До меня все это дошло много позже.
Но в тот день, когда он выносил меня на руках из гаража, покрывая мой лоб поцелуями и шепча всякие утешительные нежности, как будто мама меня только что избила… в тот день я его ненавидела. Неистово и честно.
В гостиной отец опустил меня на ноги:
– Можешь смотреть телевизор, сколько захочешь, зайка.
Я схватила с журнального столика наш гигантский пульт, рванула на кухню и сунула его в микроволоновку. Две минуты на максималке сделали свое дело.

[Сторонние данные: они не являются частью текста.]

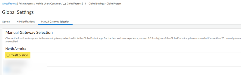 Select the GlobalProtect tab; then, select Global App SettingsManual Gateway Selection.Deselect the SASE private location and Save your changes.
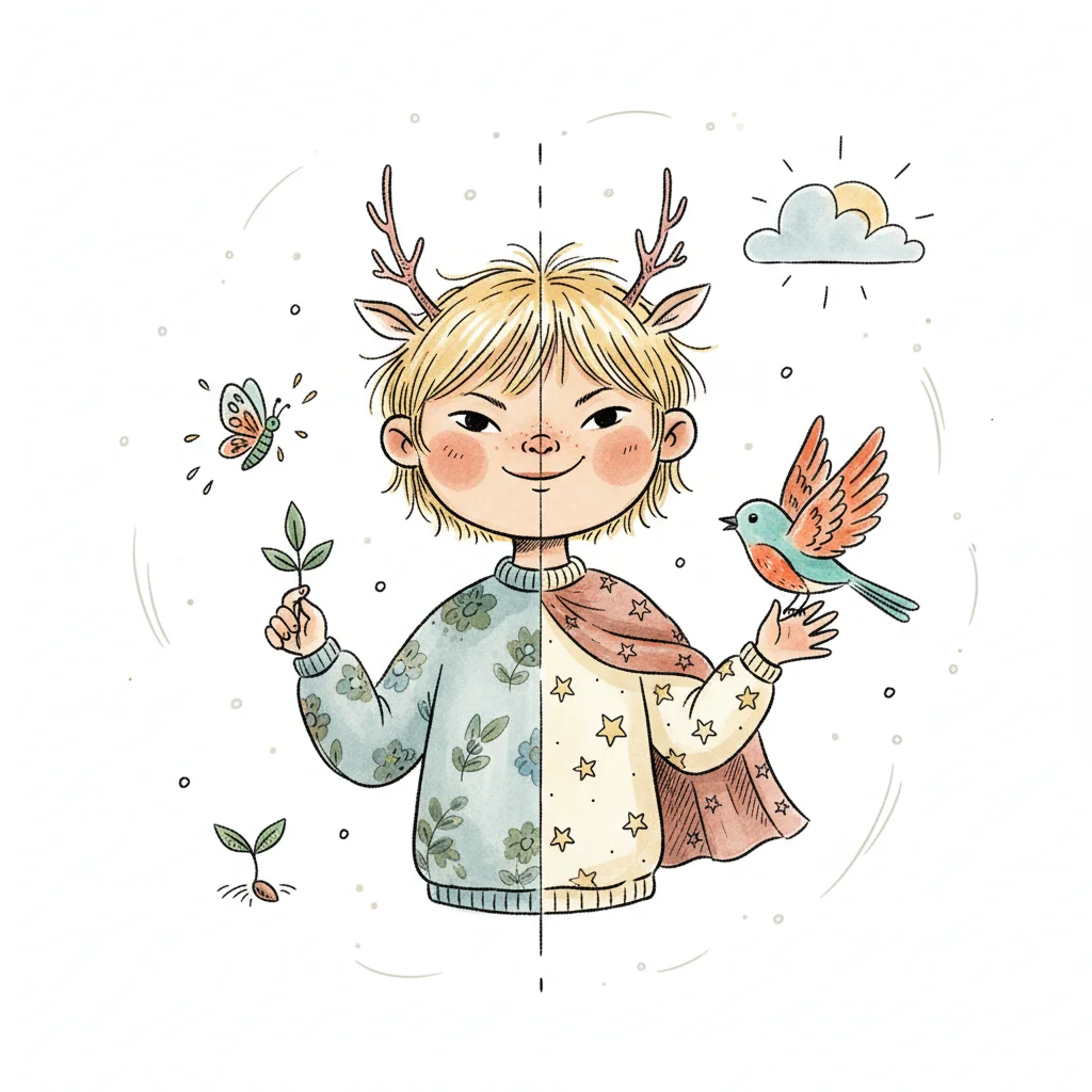 Niedliches Kind mit Geweih, geteilt in Natur- und Fantasiewelt, hält Blatt und Vogel.
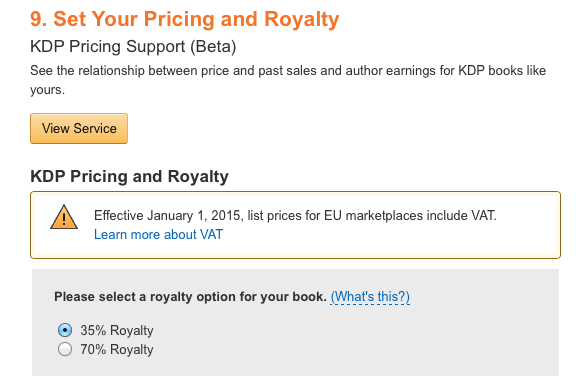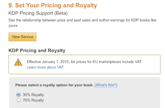 The new VAT panel on the KDP dashboardIt’s actually much easier to use now. Rather than having to figure out the VAT-exclusive price from your desired list price, you just enter your list price and the system automatically deducts VAT. For example, if I want my book to sell for £1.99 then I simply type in £1.99. It ought to have worked like this from the beginning.The problem, of course, is that VAT is now 20%. Amazon won’t absorb that price. You have a choice: you can either make your readers pay it, or you can pay it yourself. Put another way, if you continue to sell your £1.99 ebook for £1.99 you will make less money for every sale.

И это был мой первый фейерверк.
А мама тогда несколько часов не возвращалась.
До связи,
Мэри Ирис Мэлоун,
безумная и честная
Прекрасней прохладной звездной ночи может быть только прохладная звездная ночь в компании Бека и Уолта.

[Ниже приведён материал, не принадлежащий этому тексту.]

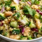 This refreshing Cilantro Lime Quinoa Salad is a vibrant and nutritious dish featuring fluffy quinoa, white beans, crisp cucumber, and red onion, all tossed in a zesty cilantro lime dressing made from fresh herbs, lime juice, and a hint of maple syrup. Ready in under 30 minutes, it’s perfect as a light meal or a flavorful side.
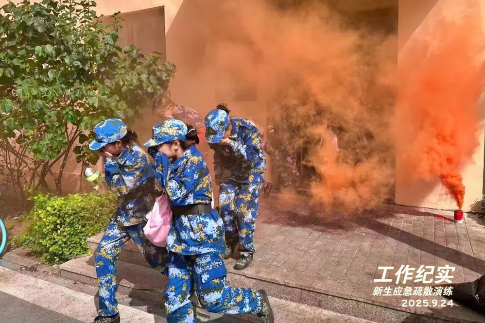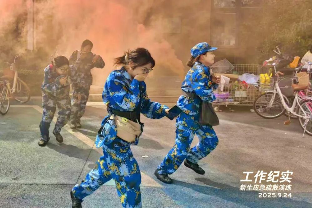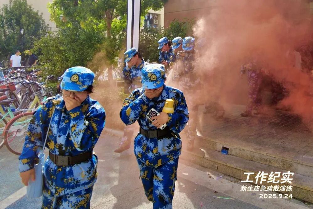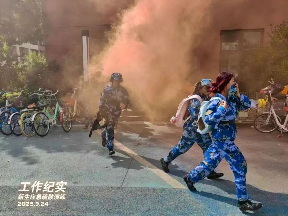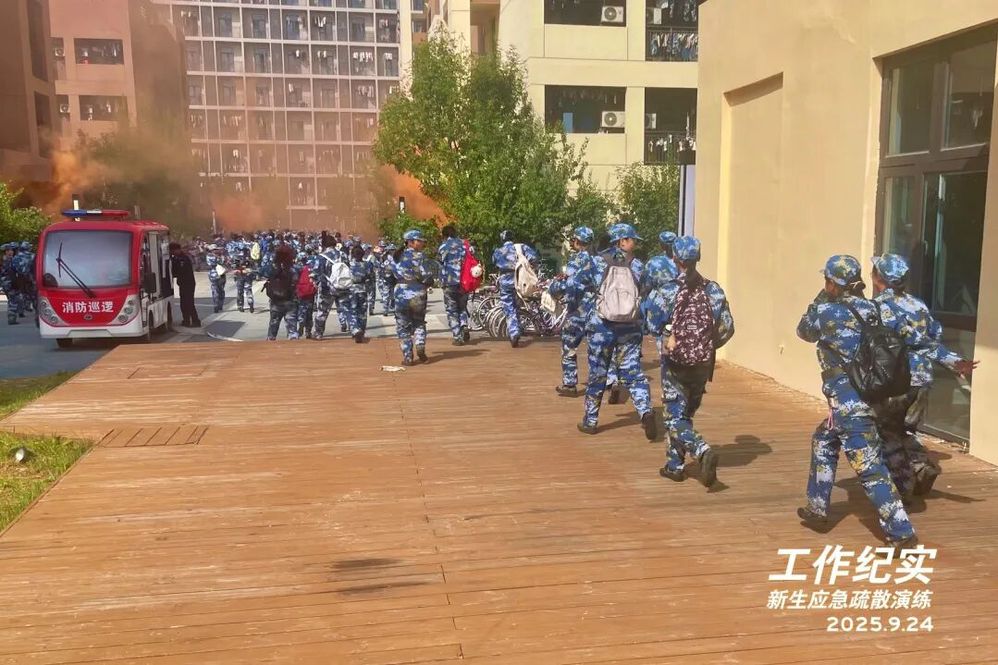 9月24日下午1点20分,为提升2025级新生应急处置能力,推进安全教育和校园生活深度融合,学院安全部联合学生工作部、武装部面向全体新生开展了一场安全有序的应急疏散演练。

Я сую дневник в рюкзак, выключаю в кабине свет (но оставляю радио) и перебираюсь в кузов грузовика. После матча мы нашли местечко в этом почти заброшенном парке с видом на Цинциннати. Бек, пользуясь случаям, теперь бегает вокруг и снимает то да се, а Уолт, несколько минут рывшийся в чемодане, уже дрыхнет на спине.
Я устраиваюсь посредине кузова, укрываюсь одним из одеял Уолта и гляжу в небо. По радио потрескивает песня про гробовщика, которую диджей причисляет к «нью-олди». Понятия не имею, что это значит, но для столь идеальной панорамы с яркими звездами и повисшей над землей дымкой искаженная помехами песня – самое оно.

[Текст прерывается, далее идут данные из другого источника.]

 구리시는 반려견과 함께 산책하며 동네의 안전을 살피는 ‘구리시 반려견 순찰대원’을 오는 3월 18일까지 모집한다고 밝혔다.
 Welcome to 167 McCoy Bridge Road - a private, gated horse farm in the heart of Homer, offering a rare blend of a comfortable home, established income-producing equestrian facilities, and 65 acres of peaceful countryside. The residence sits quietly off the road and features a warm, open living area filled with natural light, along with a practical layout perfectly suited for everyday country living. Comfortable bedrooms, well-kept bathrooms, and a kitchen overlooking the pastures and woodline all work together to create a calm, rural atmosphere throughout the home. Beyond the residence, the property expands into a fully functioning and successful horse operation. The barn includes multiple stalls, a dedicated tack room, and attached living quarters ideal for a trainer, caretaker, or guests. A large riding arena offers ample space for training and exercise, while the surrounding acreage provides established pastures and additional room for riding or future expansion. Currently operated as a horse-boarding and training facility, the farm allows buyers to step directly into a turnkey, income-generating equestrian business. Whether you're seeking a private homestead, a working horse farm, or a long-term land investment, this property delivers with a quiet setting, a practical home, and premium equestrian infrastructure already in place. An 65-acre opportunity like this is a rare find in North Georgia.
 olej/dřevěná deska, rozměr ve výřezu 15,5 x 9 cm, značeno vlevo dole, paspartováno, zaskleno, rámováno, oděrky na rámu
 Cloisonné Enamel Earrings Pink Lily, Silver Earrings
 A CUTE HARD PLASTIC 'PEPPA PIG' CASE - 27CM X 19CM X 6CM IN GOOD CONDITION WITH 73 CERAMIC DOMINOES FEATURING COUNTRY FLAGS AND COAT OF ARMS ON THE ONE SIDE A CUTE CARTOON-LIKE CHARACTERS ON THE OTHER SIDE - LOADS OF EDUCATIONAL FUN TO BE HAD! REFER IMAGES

Закончив фотосессию (и оставив наконец в покое затерроризированных ночных тварей), Бек садится рядом со мной и прислоняется головой к окну кабины.
– Ты веришь в бога? – спрашивает он, выпуская в ночной воздух облачко пара.
– Иисусе, Бек… вот так запросто?
Он улыбается:
– Оно само. Как еще узнать…
Наверное, любование звездами сделало этот вопрос неизбежным. Они там наверху мерцают и принимают форму высокого пузырчатого человека, шепчущего мне на ухо занимательную истину.